• _What is being asked_:
From the line that contains "stamp on paper" through the line that contains "Donald Evans: Philatelic", output every line of the listing below exactly and leave out all the rest.

• _Data_:
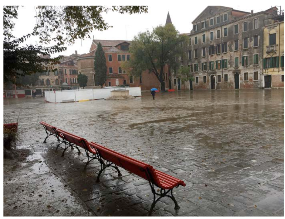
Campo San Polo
* * *
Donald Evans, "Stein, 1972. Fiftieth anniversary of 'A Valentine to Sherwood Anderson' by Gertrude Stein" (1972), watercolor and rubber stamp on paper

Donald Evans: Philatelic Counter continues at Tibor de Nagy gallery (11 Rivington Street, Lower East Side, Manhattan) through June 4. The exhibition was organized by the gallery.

• _Solution to the exercise_:
Donald Evans, "Stein, 1972. Fiftieth anniversary of 'A Valentine to Sherwood Anderson' by Gertrude Stein" (1972), watercolor and rubber stamp on paper

Donald Evans: Philatelic Counter continues at Tibor de Nagy gallery (11 Rivington Street, Lower East Side, Manhattan) through June 4. The exhibition was organized by the gallery.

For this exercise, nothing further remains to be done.